■ **What is required**: Copy every line from the one that holds "1 River Ripple" to the end of the records below, exactly and with nothing else, but without any pictures.

[Records from a data collection]
______
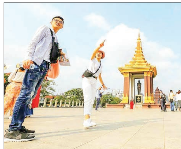
Tourism is one of the four pillars supporting the kingdom's economy.

"With our quarantine-free policy, we're confident that tourists will
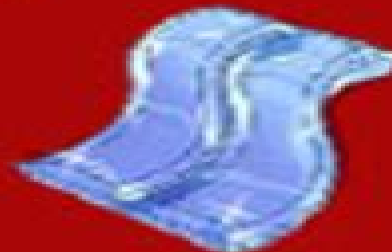
1 River Ripple
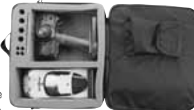
Car and radio shown not included.

Carry your Micro Street Force car — and gear — to the track with custom-fit convenience! Handsome tote features long-lasting 600D nylon construction with protective internal foam padding; secure, double-pull zippers; sturdy carrying handles and detachable shoulder straps; plus ample storage area for parts and accessories. DTXP2027
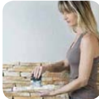
2. Apply glue on back
______
■ **Answer below**:
1 River Ripple
Car and radio shown not included.

Carry your Micro Street Force car — and gear — to the track with custom-fit convenience! Handsome tote features long-lasting 600D nylon construction with protective internal foam padding; secure, double-pull zippers; sturdy carrying handles and detachable shoulder straps; plus ample storage area for parts and accessories. DTXP2027
2. Apply glue on back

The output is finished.